◆ WHAT NEEDS TO BE DONE
Skip the images and return the records below exactly.

▽

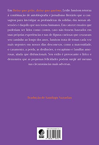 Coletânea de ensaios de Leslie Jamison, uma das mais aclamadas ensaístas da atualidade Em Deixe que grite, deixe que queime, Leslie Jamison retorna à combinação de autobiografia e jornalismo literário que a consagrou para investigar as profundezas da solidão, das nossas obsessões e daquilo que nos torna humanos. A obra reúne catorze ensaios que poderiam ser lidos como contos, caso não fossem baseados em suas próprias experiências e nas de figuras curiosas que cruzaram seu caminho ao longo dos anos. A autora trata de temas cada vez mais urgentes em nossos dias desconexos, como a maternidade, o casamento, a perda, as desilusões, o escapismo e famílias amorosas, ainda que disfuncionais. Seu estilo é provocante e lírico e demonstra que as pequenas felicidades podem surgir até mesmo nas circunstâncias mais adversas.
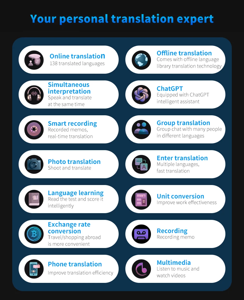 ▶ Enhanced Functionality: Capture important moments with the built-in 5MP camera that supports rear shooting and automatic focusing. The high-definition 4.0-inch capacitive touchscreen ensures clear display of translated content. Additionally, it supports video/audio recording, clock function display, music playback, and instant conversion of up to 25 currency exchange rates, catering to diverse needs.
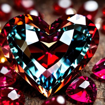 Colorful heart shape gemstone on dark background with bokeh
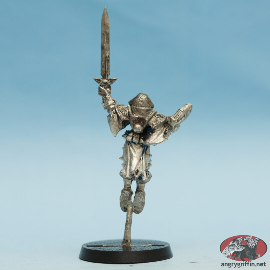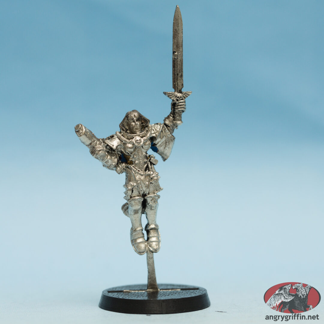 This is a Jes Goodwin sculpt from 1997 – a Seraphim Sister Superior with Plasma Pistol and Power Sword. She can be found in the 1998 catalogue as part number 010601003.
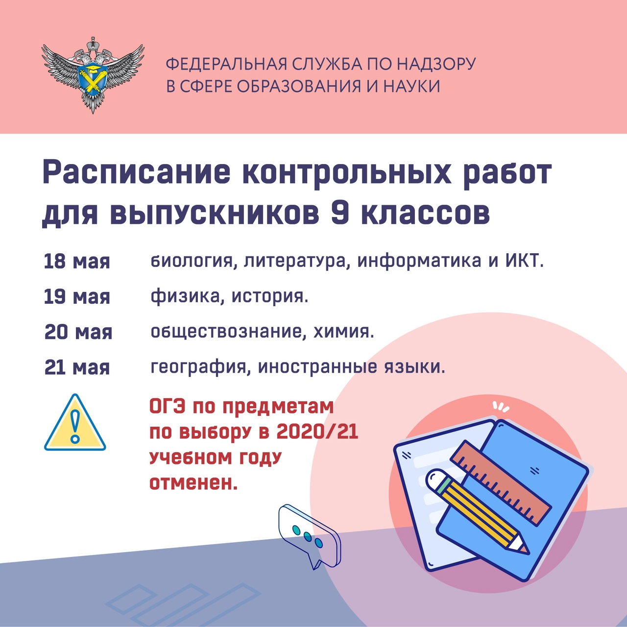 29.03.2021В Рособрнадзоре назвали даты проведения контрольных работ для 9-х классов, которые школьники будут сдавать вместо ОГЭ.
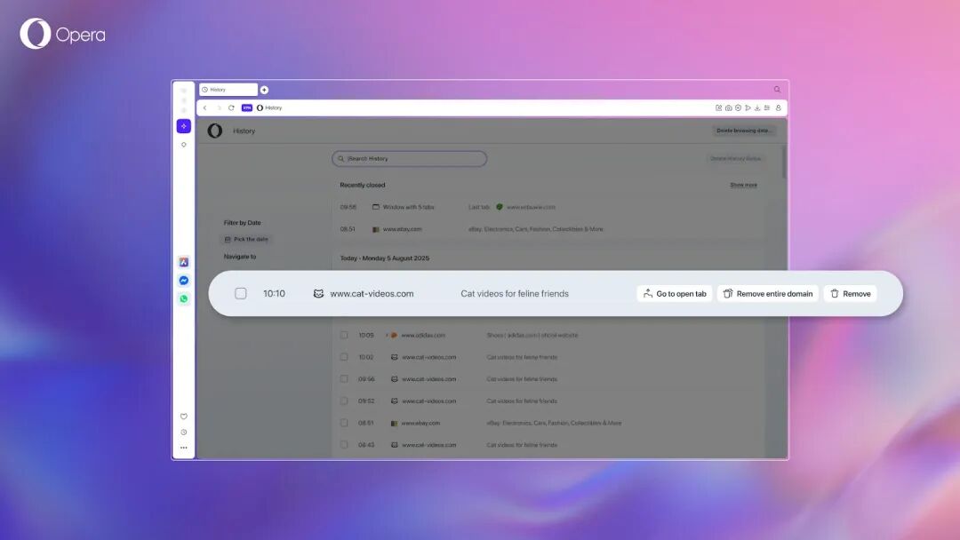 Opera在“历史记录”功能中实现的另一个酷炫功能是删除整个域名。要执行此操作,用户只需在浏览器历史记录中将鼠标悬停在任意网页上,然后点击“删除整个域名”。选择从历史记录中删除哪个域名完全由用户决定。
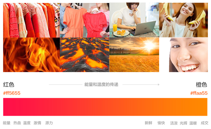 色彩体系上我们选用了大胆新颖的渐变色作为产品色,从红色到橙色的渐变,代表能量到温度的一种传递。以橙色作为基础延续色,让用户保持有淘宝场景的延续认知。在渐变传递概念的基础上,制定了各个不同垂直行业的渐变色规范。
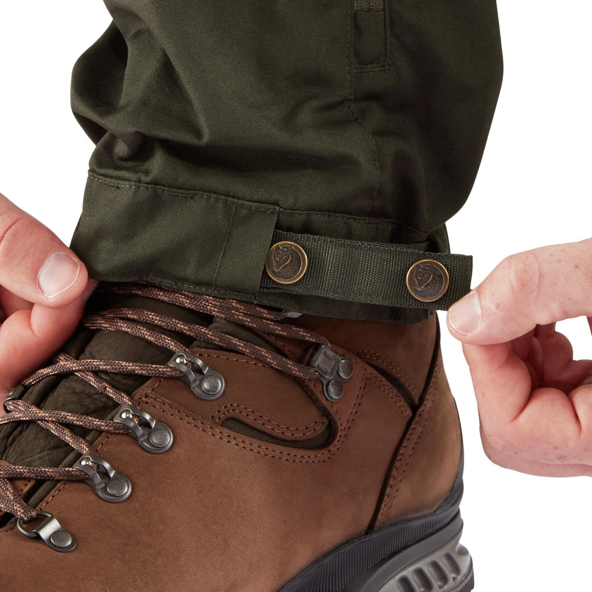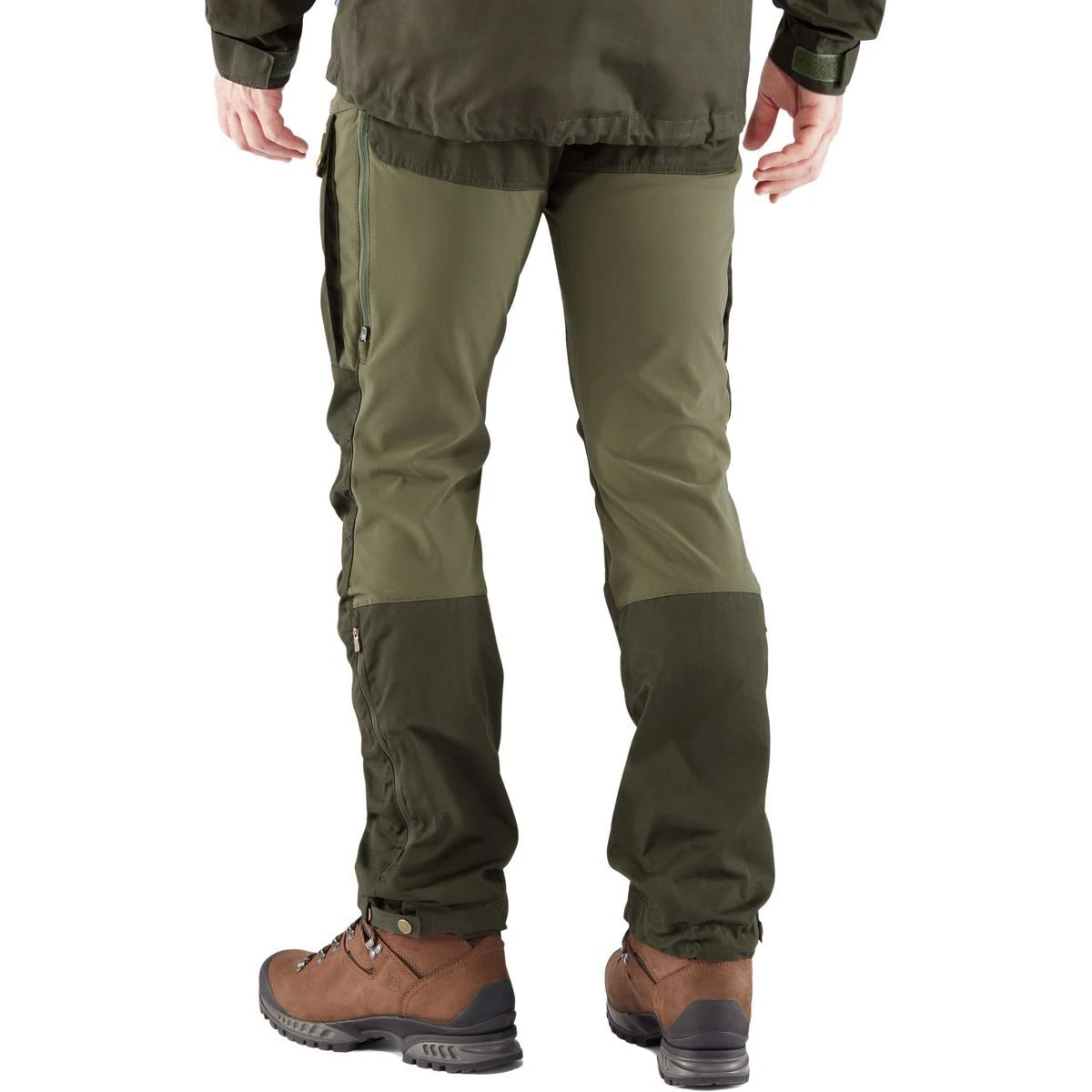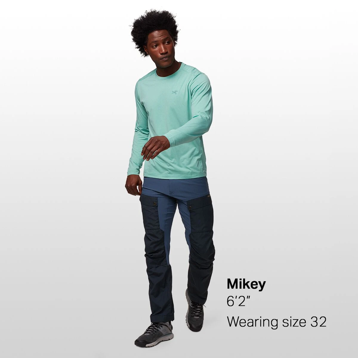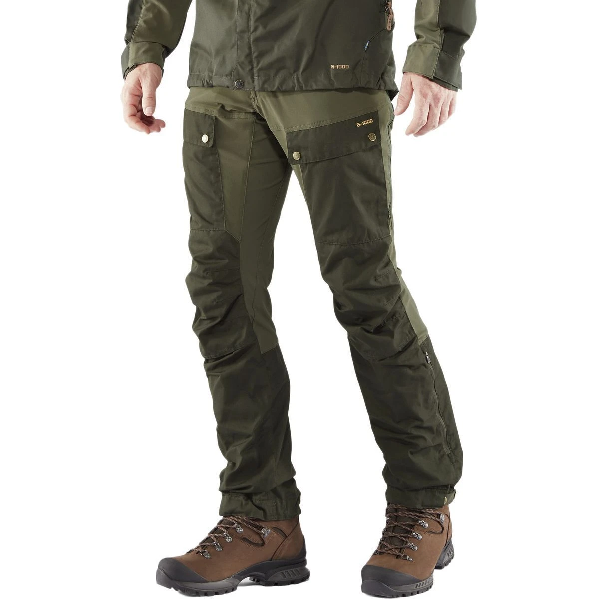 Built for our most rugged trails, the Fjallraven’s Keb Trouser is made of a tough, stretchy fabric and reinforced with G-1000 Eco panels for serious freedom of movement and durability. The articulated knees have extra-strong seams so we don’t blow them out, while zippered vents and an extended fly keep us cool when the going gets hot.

△

◆ EXERCISE RESULT
 Coletânea de ensaios de Leslie Jamison, uma das mais aclamadas ensaístas da atualidade Em Deixe que grite, deixe que queime, Leslie Jamison retorna à combinação de autobiografia e jornalismo literário que a consagrou para investigar as profundezas da solidão, das nossas obsessões e daquilo que nos torna humanos. A obra reúne catorze ensaios que poderiam ser lidos como contos, caso não fossem baseados em suas próprias experiências e nas de figuras curiosas que cruzaram seu caminho ao longo dos anos. A autora trata de temas cada vez mais urgentes em nossos dias desconexos, como a maternidade, o casamento, a perda, as desilusões, o escapismo e famílias amorosas, ainda que disfuncionais. Seu estilo é provocante e lírico e demonstra que as pequenas felicidades podem surgir até mesmo nas circunstâncias mais adversas.
 ▶ Enhanced Functionality: Capture important moments with the built-in 5MP camera that supports rear shooting and automatic focusing. The high-definition 4.0-inch capacitive touchscreen ensures clear display of translated content. Additionally, it supports video/audio recording, clock function display, music playback, and instant conversion of up to 25 currency exchange rates, catering to diverse needs.
 Colorful heart shape gemstone on dark background with bokeh
 This is a Jes Goodwin sculpt from 1997 – a Seraphim Sister Superior with Plasma Pistol and Power Sword. She can be found in the 1998 catalogue as part number 010601003.
 29.03.2021В Рособрнадзоре назвали даты проведения контрольных работ для 9-х классов, которые школьники будут сдавать вместо ОГЭ.
 Opera在“历史记录”功能中实现的另一个酷炫功能是删除整个域名。要执行此操作,用户只需在浏览器历史记录中将鼠标悬停在任意网页上,然后点击“删除整个域名”。选择从历史记录中删除哪个域名完全由用户决定。
 色彩体系上我们选用了大胆新颖的渐变色作为产品色,从红色到橙色的渐变,代表能量到温度的一种传递。以橙色作为基础延续色,让用户保持有淘宝场景的延续认知。在渐变传递概念的基础上,制定了各个不同垂直行业的渐变色规范。
 Built for our most rugged trails, the Fjallraven’s Keb Trouser is made of a tough, stretchy fabric and reinforced with G-1000 Eco panels for serious freedom of movement and durability. The articulated knees have extra-strong seams so we don’t blow them out, while zippered vents and an extended fly keep us cool when the going gets hot.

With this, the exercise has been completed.